▼▼▼
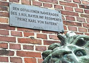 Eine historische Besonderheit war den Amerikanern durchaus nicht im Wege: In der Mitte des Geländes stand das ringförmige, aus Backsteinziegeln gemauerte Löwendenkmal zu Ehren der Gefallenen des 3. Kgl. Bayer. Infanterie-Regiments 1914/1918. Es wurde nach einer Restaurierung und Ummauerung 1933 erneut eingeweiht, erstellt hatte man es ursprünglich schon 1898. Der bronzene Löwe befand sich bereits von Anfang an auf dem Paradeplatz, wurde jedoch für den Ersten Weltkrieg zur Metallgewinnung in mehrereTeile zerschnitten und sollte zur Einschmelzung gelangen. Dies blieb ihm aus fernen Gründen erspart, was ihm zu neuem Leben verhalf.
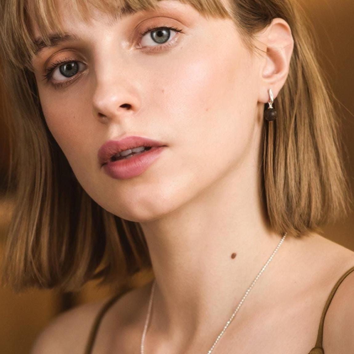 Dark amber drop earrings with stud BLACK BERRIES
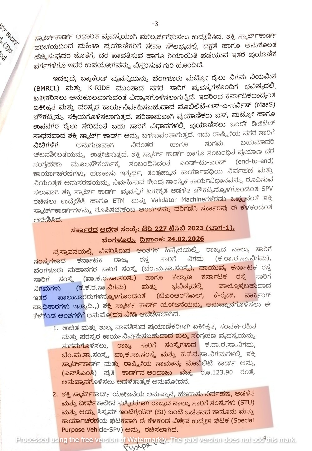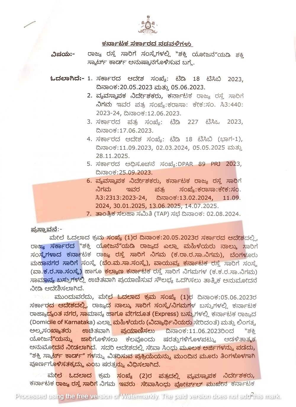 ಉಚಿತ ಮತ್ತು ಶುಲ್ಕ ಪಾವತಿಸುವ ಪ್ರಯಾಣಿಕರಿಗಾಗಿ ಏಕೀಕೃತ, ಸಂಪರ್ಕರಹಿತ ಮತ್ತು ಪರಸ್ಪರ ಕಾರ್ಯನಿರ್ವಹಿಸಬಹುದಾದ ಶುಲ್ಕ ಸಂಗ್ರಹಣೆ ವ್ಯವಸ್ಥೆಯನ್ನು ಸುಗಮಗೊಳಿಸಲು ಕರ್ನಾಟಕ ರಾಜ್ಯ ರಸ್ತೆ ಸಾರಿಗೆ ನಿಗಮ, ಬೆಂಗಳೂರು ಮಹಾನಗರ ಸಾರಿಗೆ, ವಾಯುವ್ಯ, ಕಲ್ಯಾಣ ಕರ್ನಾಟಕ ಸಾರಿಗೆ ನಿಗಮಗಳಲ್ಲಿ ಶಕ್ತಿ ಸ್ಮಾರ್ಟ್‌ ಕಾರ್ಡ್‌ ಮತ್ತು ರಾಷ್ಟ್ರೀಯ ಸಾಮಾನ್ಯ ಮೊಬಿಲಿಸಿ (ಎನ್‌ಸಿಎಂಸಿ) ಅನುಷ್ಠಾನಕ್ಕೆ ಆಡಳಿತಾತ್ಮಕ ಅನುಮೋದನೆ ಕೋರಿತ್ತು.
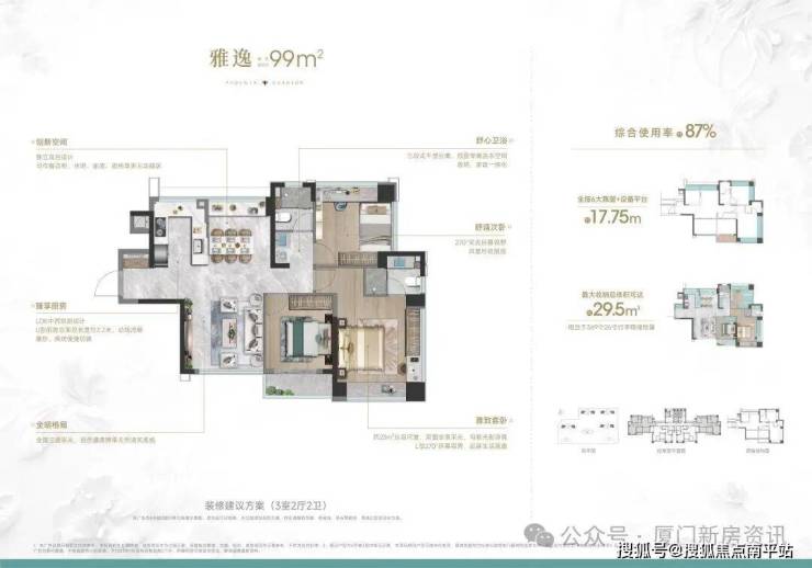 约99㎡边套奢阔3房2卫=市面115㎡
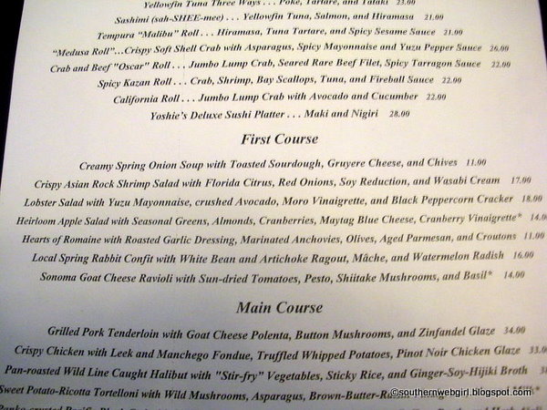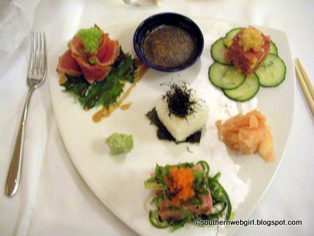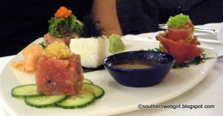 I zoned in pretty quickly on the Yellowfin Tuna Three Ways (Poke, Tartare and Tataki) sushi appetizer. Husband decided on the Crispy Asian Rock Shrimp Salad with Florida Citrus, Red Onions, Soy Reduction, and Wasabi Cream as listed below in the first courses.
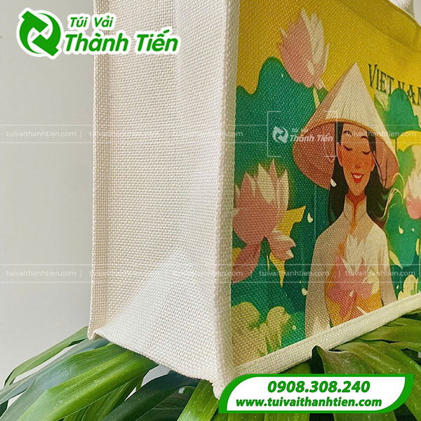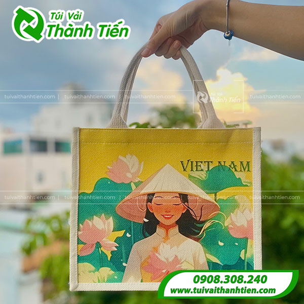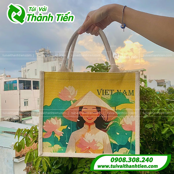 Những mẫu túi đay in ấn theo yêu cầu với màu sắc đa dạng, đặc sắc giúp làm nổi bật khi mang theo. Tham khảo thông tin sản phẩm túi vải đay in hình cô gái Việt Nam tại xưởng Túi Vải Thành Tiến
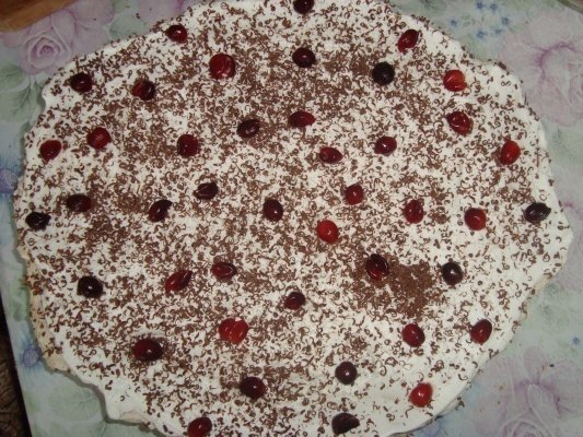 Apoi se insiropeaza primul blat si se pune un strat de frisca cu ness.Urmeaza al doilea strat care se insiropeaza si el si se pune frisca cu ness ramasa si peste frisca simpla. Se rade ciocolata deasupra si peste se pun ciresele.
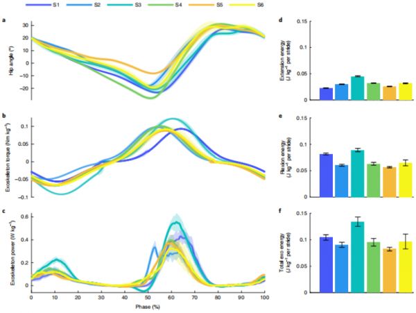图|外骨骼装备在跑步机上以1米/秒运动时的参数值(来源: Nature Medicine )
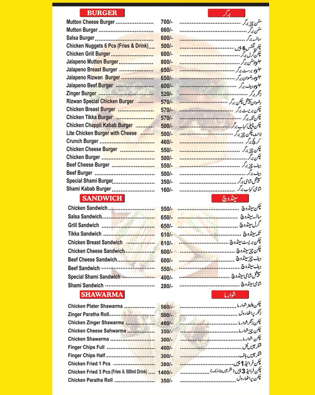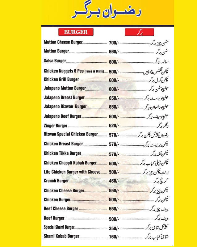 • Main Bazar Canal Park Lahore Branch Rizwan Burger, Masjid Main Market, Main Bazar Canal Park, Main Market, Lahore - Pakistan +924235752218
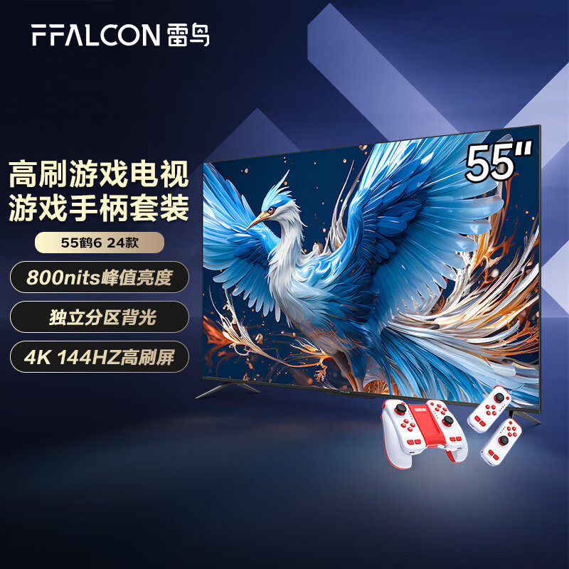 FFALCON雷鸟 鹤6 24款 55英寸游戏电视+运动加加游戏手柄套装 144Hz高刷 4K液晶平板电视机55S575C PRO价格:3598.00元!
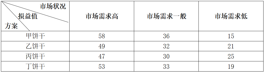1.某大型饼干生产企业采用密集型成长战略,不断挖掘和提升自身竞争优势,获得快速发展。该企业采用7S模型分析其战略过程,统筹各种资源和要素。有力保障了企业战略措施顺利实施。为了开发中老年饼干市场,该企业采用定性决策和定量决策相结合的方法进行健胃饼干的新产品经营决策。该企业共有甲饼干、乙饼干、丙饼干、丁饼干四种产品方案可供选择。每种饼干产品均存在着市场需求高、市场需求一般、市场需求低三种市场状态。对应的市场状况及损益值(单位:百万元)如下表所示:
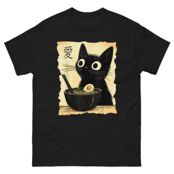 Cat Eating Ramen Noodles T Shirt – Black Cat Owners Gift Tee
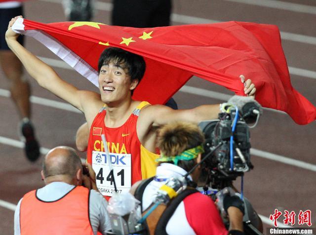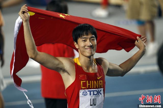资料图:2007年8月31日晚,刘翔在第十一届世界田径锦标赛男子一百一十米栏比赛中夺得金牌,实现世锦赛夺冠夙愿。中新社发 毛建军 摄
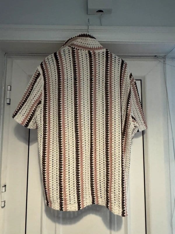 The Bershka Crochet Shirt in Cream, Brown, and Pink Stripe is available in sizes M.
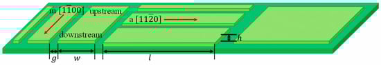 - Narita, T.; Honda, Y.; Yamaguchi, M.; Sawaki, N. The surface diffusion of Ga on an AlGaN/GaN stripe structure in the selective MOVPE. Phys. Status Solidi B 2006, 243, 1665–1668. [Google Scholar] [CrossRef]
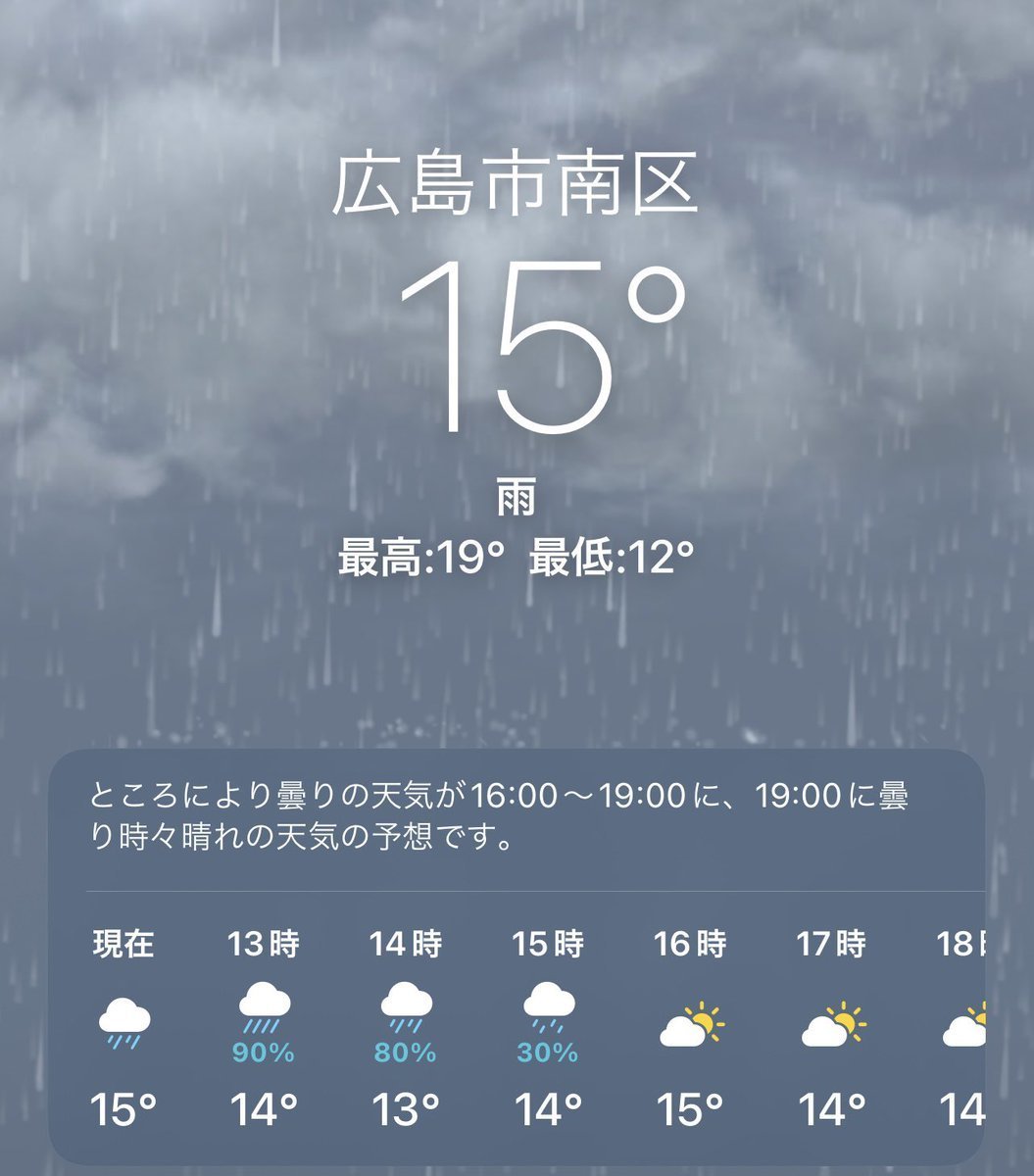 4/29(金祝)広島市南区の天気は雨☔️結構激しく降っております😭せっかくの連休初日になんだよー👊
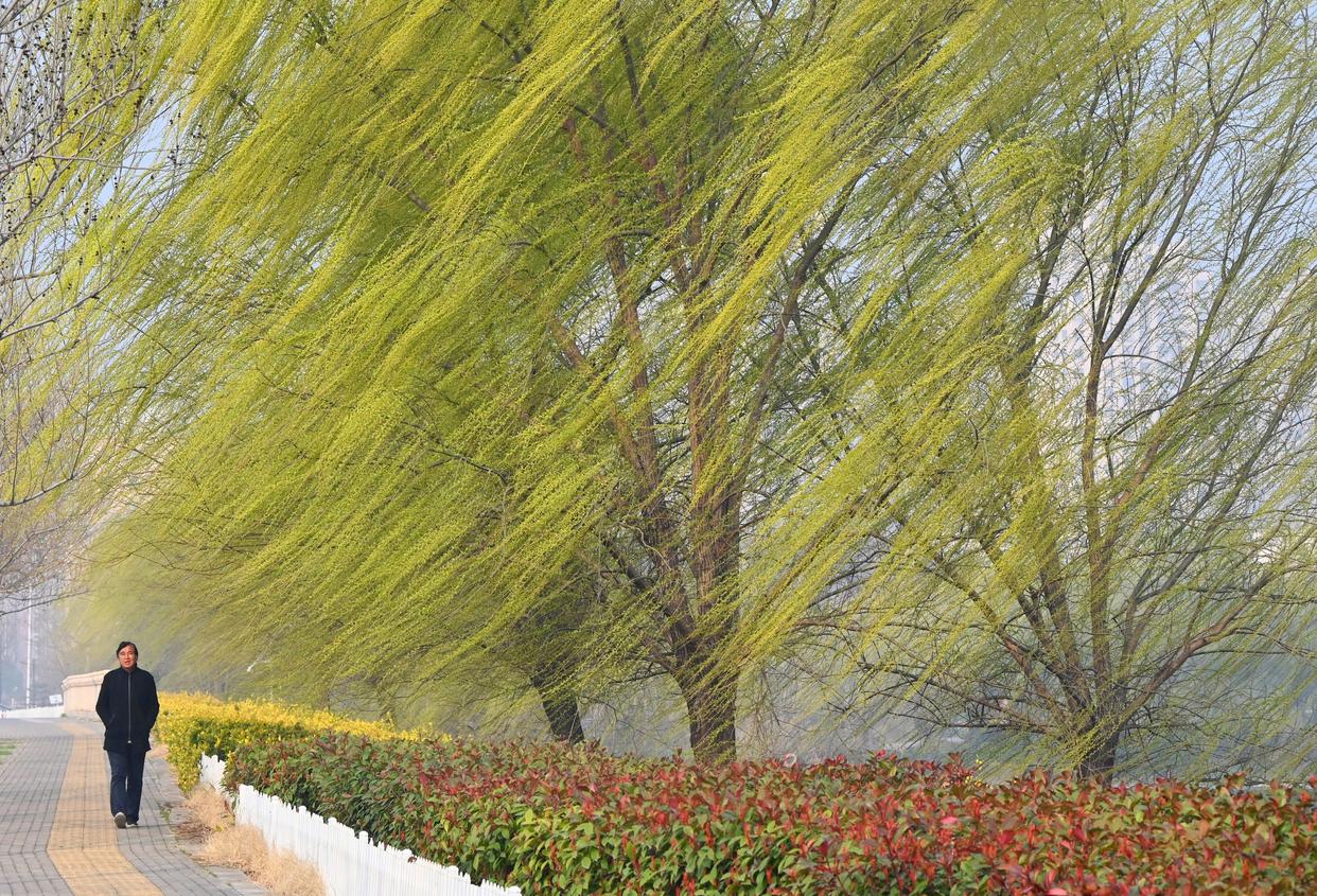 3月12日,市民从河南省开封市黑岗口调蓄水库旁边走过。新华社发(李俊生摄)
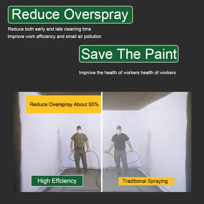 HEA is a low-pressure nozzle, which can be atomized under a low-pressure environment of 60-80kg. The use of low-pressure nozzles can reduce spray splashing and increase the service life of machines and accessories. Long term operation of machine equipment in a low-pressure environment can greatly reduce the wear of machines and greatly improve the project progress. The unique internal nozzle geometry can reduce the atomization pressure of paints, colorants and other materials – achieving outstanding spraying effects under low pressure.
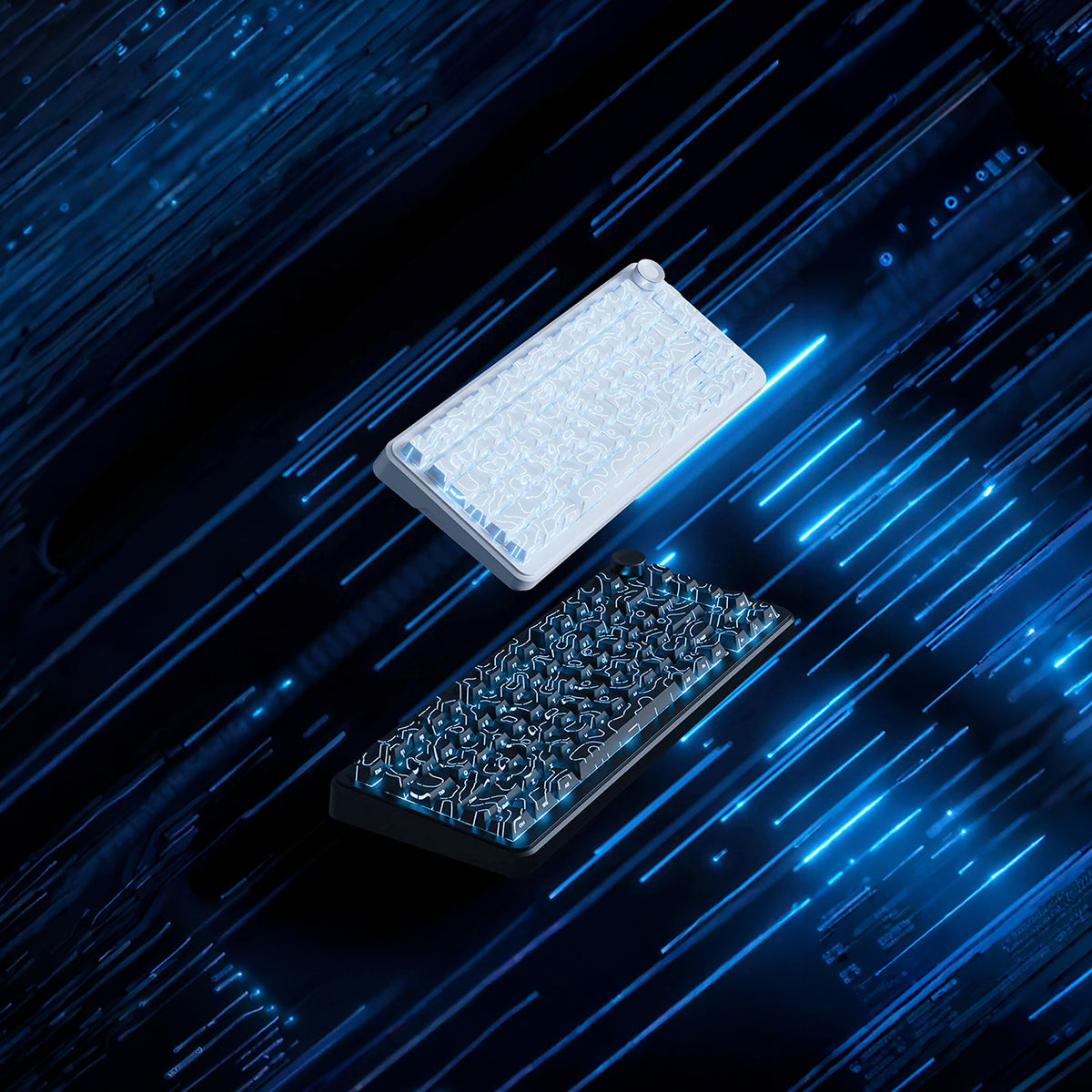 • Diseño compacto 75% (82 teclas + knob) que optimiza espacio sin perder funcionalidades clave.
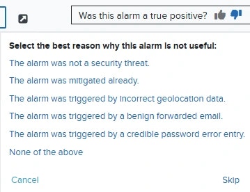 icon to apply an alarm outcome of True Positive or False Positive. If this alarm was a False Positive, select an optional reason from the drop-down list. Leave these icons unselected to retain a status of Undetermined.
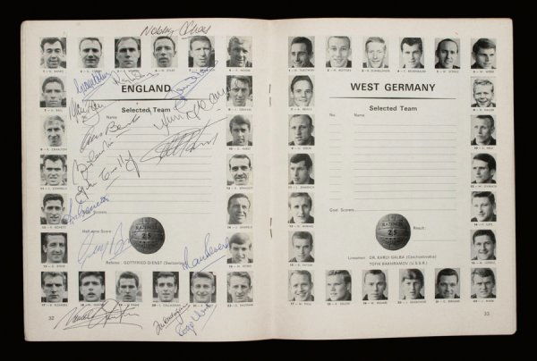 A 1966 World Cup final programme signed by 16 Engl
▲▲▲
Beginning with the line that contains "Những mẫu túi", write out the lines of the material above exactly, and end with the line that contains "The Bershka Crochet". Omit the pictures.

## Answer
 Những mẫu túi đay in ấn theo yêu cầu với màu sắc đa dạng, đặc sắc giúp làm nổi bật khi mang theo. Tham khảo thông tin sản phẩm túi vải đay in hình cô gái Việt Nam tại xưởng Túi Vải Thành Tiến
 Apoi se insiropeaza primul blat si se pune un strat de frisca cu ness.Urmeaza al doilea strat care se insiropeaza si el si se pune frisca cu ness ramasa si peste frisca simpla. Se rade ciocolata deasupra si peste se pun ciresele.
图|外骨骼装备在跑步机上以1米/秒运动时的参数值(来源: Nature Medicine )
 • Main Bazar Canal Park Lahore Branch Rizwan Burger, Masjid Main Market, Main Bazar Canal Park, Main Market, Lahore - Pakistan +924235752218
 FFALCON雷鸟 鹤6 24款 55英寸游戏电视+运动加加游戏手柄套装 144Hz高刷 4K液晶平板电视机55S575C PRO价格:3598.00元!
1.某大型饼干生产企业采用密集型成长战略,不断挖掘和提升自身竞争优势,获得快速发展。该企业采用7S模型分析其战略过程,统筹各种资源和要素。有力保障了企业战略措施顺利实施。为了开发中老年饼干市场,该企业采用定性决策和定量决策相结合的方法进行健胃饼干的新产品经营决策。该企业共有甲饼干、乙饼干、丙饼干、丁饼干四种产品方案可供选择。每种饼干产品均存在着市场需求高、市场需求一般、市场需求低三种市场状态。对应的市场状况及损益值(单位:百万元)如下表所示:
 Cat Eating Ramen Noodles T Shirt – Black Cat Owners Gift Tee
资料图:2007年8月31日晚,刘翔在第十一届世界田径锦标赛男子一百一十米栏比赛中夺得金牌,实现世锦赛夺冠夙愿。中新社发 毛建军 摄
 The Bershka Crochet Shirt in Cream, Brown, and Pink Stripe is available in sizes M.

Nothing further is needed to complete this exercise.